A simple portal for tracking testing reports, bugs found and then mapping all this way back to features and releases. However JIRA and other such project management tools provide the features that are mentioned in this document but still this solution can come in handy for those who don't want an outside tool rather a quick dirty solution.
Note this is for a general solution overview and focusses more on data modelling. Any installation and setup related findings is homework for reader :)
- Testing Report
- Bugs
- Releases
- Features
- Test cases
- Environment
- Timeline of all testing that has happened till date
- Individual testing report
- Test cases, which cases map to which feature(s)
- Testing cycles for a specific release
- Bugs introduced in a release, mapped to which feature(s)
- Mongodb
- Mongodb Compass - mongodb dashboard tool
- Elasticsearch
- Kibana - elastic search dashboard tool
We use mongodb as database/storage for all the testing related metadata we have i.e. bugs, test cases, release versions, testing cycles. Exact modelling of data will come in later section. To manage mongodb as well as to have an interface to enter metadata/information in mongodb, we can use Mongodb Compass (a solution by mongodb itself).
Kibana has excellent dashboard functionality, it provides various chart types for every possible reporting type that one may need. So to facilitate Kibana we integrate ElasticSearch with Mongodb. Check out this post https://www.linkedin.com/pulse/5-way-sync-data-from-mongodb-es-kai-hao for integration. For me I used the river option (option 3) in the linked post, but as you may see that is now deprecated for 2.0x version. Once this integration is done, you can create custom dashboard in Kibana based on the data you have and voila!

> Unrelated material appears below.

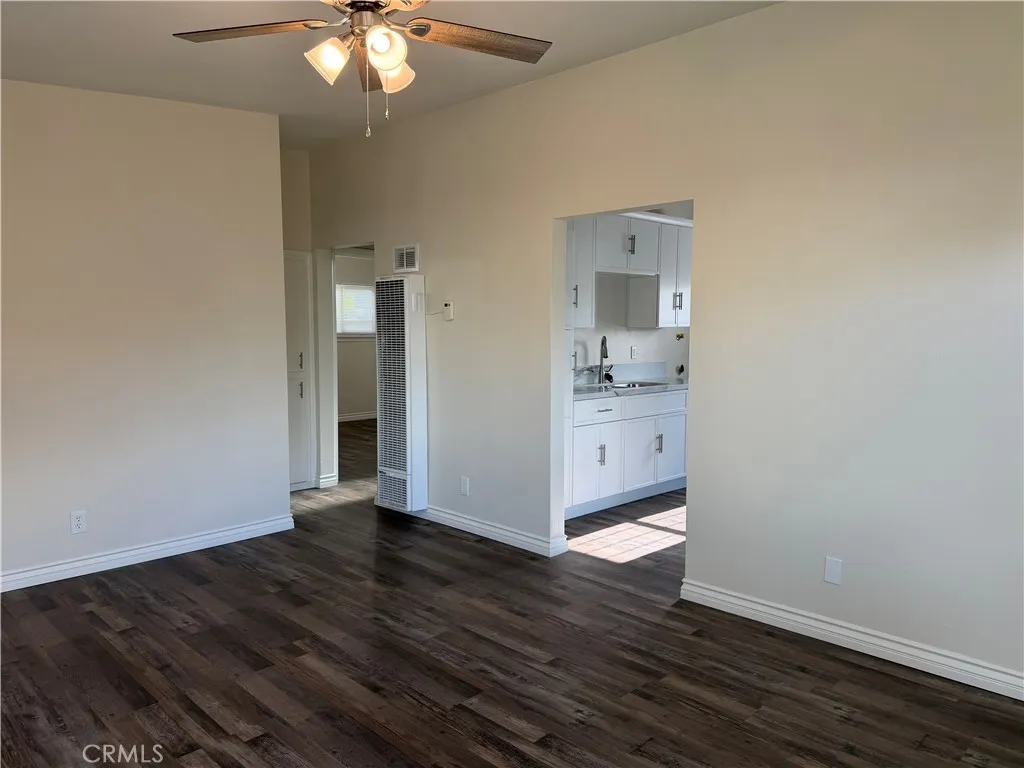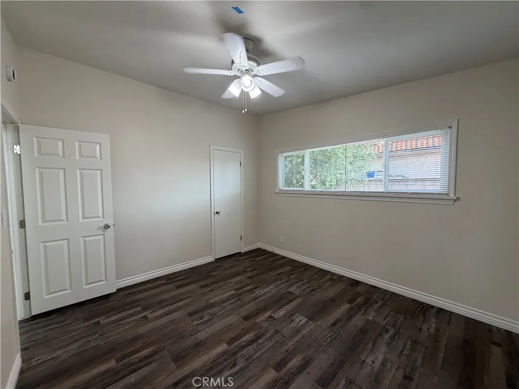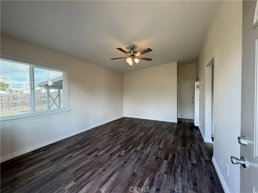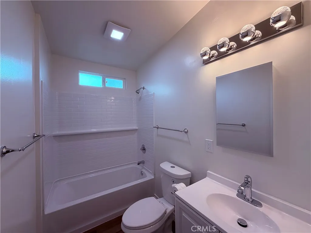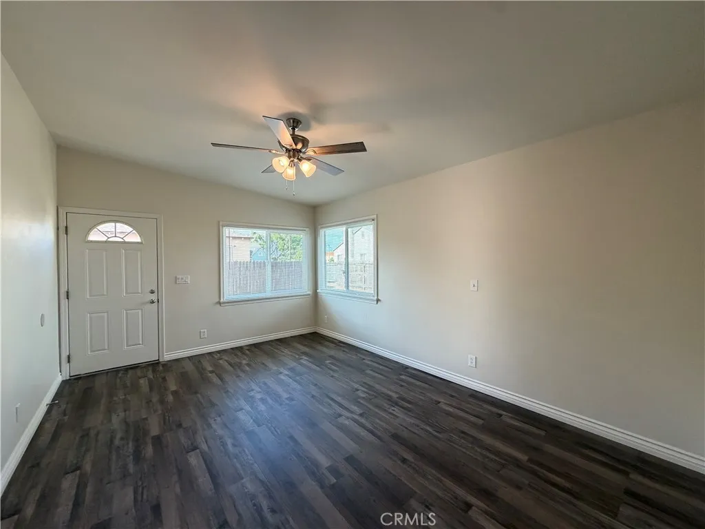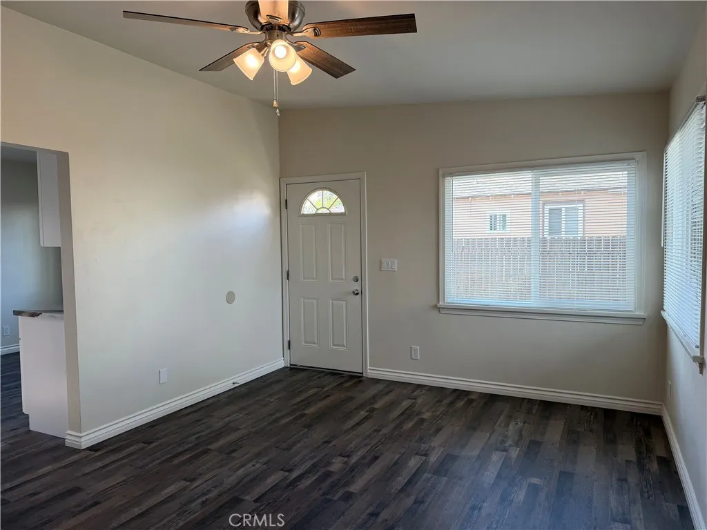 Newly renovated back house available for rent on a shared lot with two homes. This private 2-bedroom, 1-bath unit has been fully updated with modern finishes throughout. The home features a spacious kitchen with brand-new cabinets, countertops, stove, refrigerator, sink, disposal, and faucet—perfect for everyday cooking and entertaining. The bright living room offers recessed lighting and a ceiling fan for added comfort. Both bedrooms include ceiling fans and new blinds, while the entire home is finished with new laminate flooring and dual-pane windows for energy efficiency. The bathroom has been completely remodeled with a new tub/shower, toilet, vanity, fixtures, and lighting—everything is brand new. Additional amenities include washer and dryer hookups ready for a stackable unit, a carport with space for two vehicles, and water and trash services included in the rent. A clean, modern, and move-in-ready home—ideal for comfortable living.

Here I am hoping you have some basic knowledge of Mongodb or atleast understand how JSON works.
A testing report is basically number of testcases that passed and failed on a particular release deployed on a specific environment. This can be modelled as :
{
"id": "<uuid>",
"environment": "<string>",
"release": "<releaseId>",
"bugs": ["<bugId>", "<bugId>", "<bugId>", "<bugId>", "<bugId>"],
"result": {
"passed": ["<testCaseId>", "<testCaseId>", "<testCaseId>", "<testCaseId>"],
"failed": ["<testCaseId>", "<testCaseId>", "<testCaseId>", "<testCaseId>"]
},
"timestamp": "<date>"
}
Test case is just the description of the scenario that will be tested, expected outcome and feature to which it maps.
{
"id": "<uuid>",
"description": "<string>",
"expected": "<string>",
"features": ["<featureId>", "<featureId>", "<featureId>"],
"timestamp": "<date>"
}
Release is basically the latest stable working tag of software which has some new features and follows an increment style i.e. build upon last release.
{
"id": "<uuid>",
"tagVersion": "<string>",
"incrementedOn": "<releaseId>",
"features": [{
"id": "<uuid>",
"description": "<string>"
}, {
"id": "<uuid>",
"description": "<string>"
}, {
"id": "<uuid>",
"description": "<string>"
}],
"timestamp": "<date>"
}
Bug is an anamoly found in functionality of software during testing cycle. It maps to a feature and may or may not present in multiple releases.
{
"id": "<uuid>",
"introducedIn":"<releaseId>",
"presentIn": ["<releaseId>", "<releaseId>", "<releaseId>"],
"features": ["<featureId>", "<featureId>", "<featureId>"],
"timestamp": "<date>"
}
With the above explained data models and tools one can have a minimal testing portal up and running in just a day, all is left to prepare the metadata and feed it to mongodb.